Nonetheless, the IEEE 802.15.7 standard defines the physical layer (PHY) and media access control (MAC) layer. The standard is able to deliver enough data rates to transmit audio, video and multimedia services. It takes into account optical transmission mobility, its compatibility with artificial lighting present in infrastructures, and the interference which may be generated by ambient lighting. The MAC layer permits using the link with the other layers as with the TCP/IP protocol.^{[citation needed]}

The standard defines three PHY layers with different rates:

• The PHY 1 was established for outdoor application and works from 11.67 kbit/s to 267.6 kbit/s.
• The PHY 2 layer permits reaching data rates from 1.25 Mbit/s to 96 Mbit/s.
• The PHY 3 is used for many emissions sources with a particular modulation method called color shift keying (CSK). PHY III can deliver rates from 12 Mbit/s to 96 Mbit/s.^[42]

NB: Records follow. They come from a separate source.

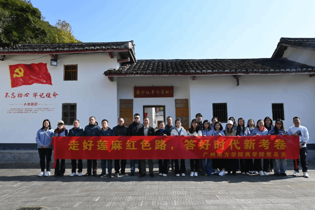 12月27日上午,团建队伍首先抵达从化区良口镇莲麻小镇。作为广州市著名的红色旅游景点和生态宜居美丽乡村,莲麻小镇不仅有着优美的自然风光,更承载着深厚的红色文化底蕴。在当地向导的带领下,大家先后参观了莲麻村党群服务中心、黄沙坑革命旧址纪念馆等场所,详细了解了莲麻村在党建引领下实现乡村振兴的发展历程,并被革命先辈在艰苦环境中坚守信念、奋勇抗争的红色精神深切浸染。漫步在古村落的石板路上,古朴的民居、整洁的村容与周边的绿水青山相映成趣,让大家切身感受到乡村振兴战略为农村带来的巨大变化,进一步坚定了立足本职、服务社会的理想信念。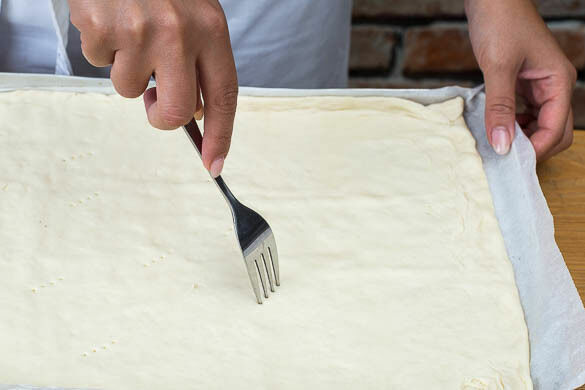 Mit einer Gabel Löcher in die Teige stechen und die Teige 3–4Min. im Ofen vorbacken, bis er leicht zu bräunen beginnt.
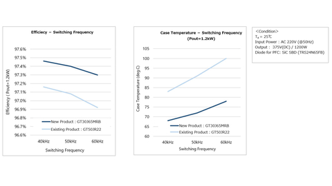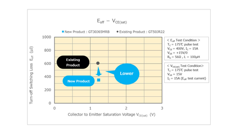 Toshiba นำกระบวนการล่าสุดมาสู่ IGBT ใหม่ โครงสร้างร่องลึกที่ปรับให้เหมาะสมช่วยรักษาระดับชั้นนำของอุตสาหกรรม[2] การสูญเสียที่เกิดจากการเปลี่ยนสถานะ (การสูญเสียที่เกิดจากการเปลี่ยนสถานะปิด) ที่ 0.35mJ (ทั่วไป)[3] ซึ่งต่ำกว่า GT50JR22 ในผลิตภัณฑ์ก่อนหน้าของ Toshiba ประมาณ 42%[4] IGBT ใหม่ยังมีไดโอดในตัวที่มีแรงดันไปข้างหน้า 1.20V (ทั่วไป)[5] ซึ่งต่ำกว่า GT50JR22 ประมาณ 43%[5] การปรับปรุงเหล่านี้ช่วยเพิ่มประสิทธิภาพของอุปกรณ์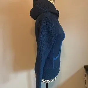 Elevate your athleisure wardrobe with this stylish blue hoodie, featuring a contrasting blue accent along the side panels and a snug, form-fitting design. The hoodie is crafted with a high neck and deep hood, providing warmth and comfort. It's complete with a full-length front zipper for easy layering, thumbholes for secure sleeve positioning, and a subtly textured fabric that adds a touch of sophistication to the casual silhouette.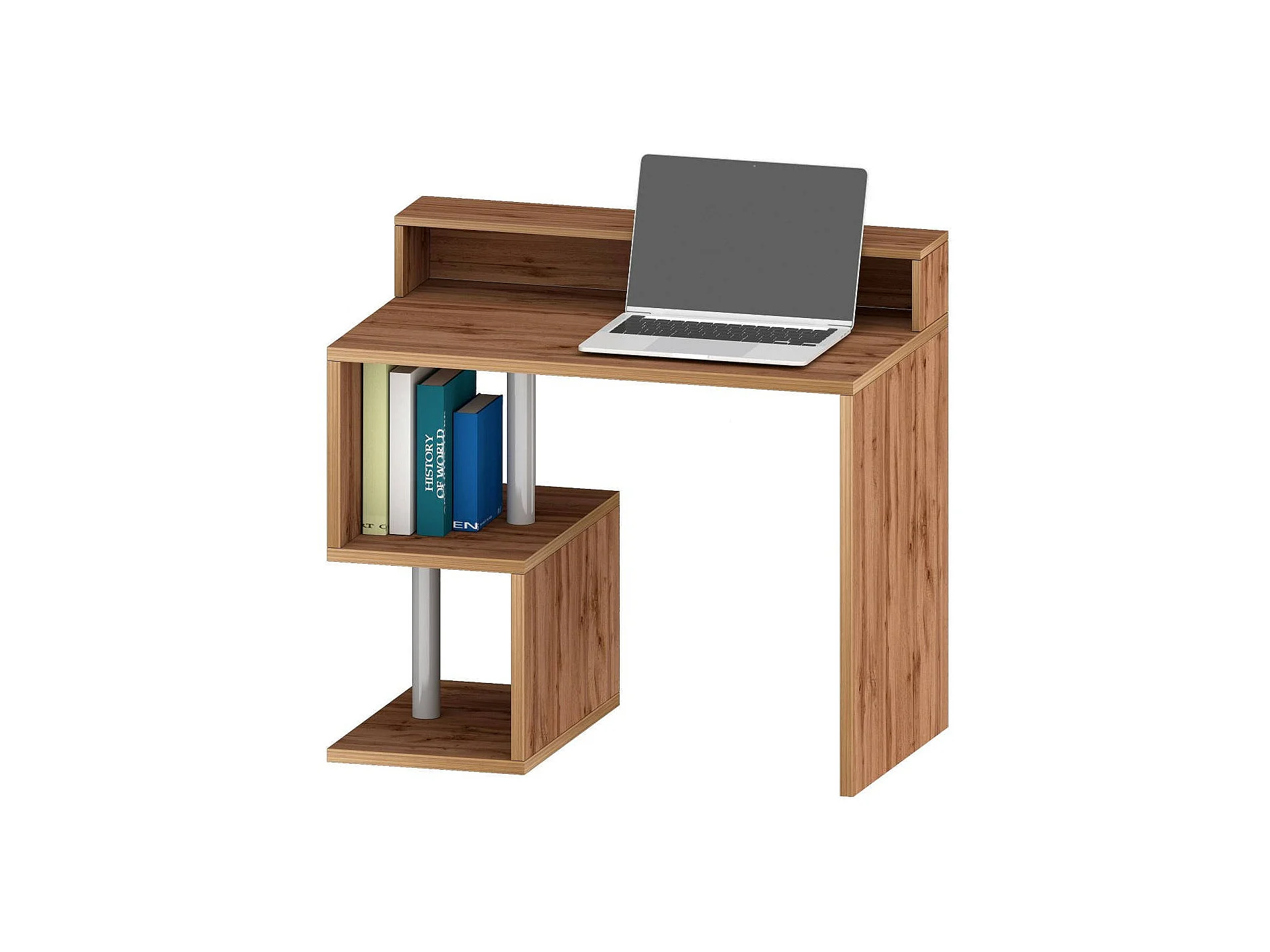 Mesa Dchichizol, Mesa de trabalho linear com prateleiras de armazenamento, Mesa de escritório multiusos com soco, 100x50h93 cm, Carvalho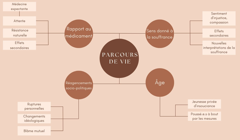 En conclusion, le premier chapitre de notre enquête nous a montré que les argumentaires présents dans le discours de nos participant·e·s sont en continuité avec des arguments transhistoriques, à savoir politiques, émotionnels-moraux, et épistémiques, qui reviennent dans le discours d’opposant-e-s lors de découverte de vaccins. Ce second chapitre ajoute qu’il est pertinent d’analyser la pandémie sous l’angle du parcours de vie. Les discours effectuent un va-et-vient entre l’incarnation d’un parcours de vie au sens individuel et institutionnel (Kohli, 1986) en ce qu’il invoque autant des souffrances et sentiments privés que des changements structurels dans un ordre établi.

The modulation formats recognized for PHY I and PHY II are on-off keying (OOK) and variable pulse position modulation (VPPM). The Manchester coding used for the PHY I and PHY II layers includes the clock inside the transmitted data by representing a logic 0 with an OOK symbol "01" and a logic 1 with an OOK symbol "10", all with a DC component. The DC component avoids light extinction in case of an extended run of logic 0's.^{[citation needed]}

The first VLC smartphone prototype was presented at the Consumer Electronics Show in Las Vegas from January 7–10 in 2014. The phone uses SunPartner's Wysips CONNECT, a technique that converts light waves into usable energy, making the phone capable of receiving and decoding signals without drawing on its battery.^[43][44] A clear thin layer of crystal glass can be added to small screens like watches and smartphones that make them solar powered. Smartphones could gain 15% more battery life during a typical day. The first smartphones using this technology should arrive in 2015. This screen can also receive VLC signals as well as the smartphone camera.^[45] The cost of these screens per smartphone is between $2 and $3, much cheaper than most new technology.^[46]

Signify lighting company (formerly Philips Lighting) has developed a VLC system for shoppers at stores. They have to download an app on their smartphone and then their smartphone works with the LEDs in the store. The LEDs can pinpoint where they are located in the store and give them corresponding coupons and information based on which aisle they are on and what they are looking at

Application's

Security waves used by Li-Fi, lights cannot penetrate through walls and doors. This makes it more secure and makes it easier to control access to a network.^[48] As long as transparent materials like windows are covered, access to a Li-Fi channel is limited to devices inside the room.^[49]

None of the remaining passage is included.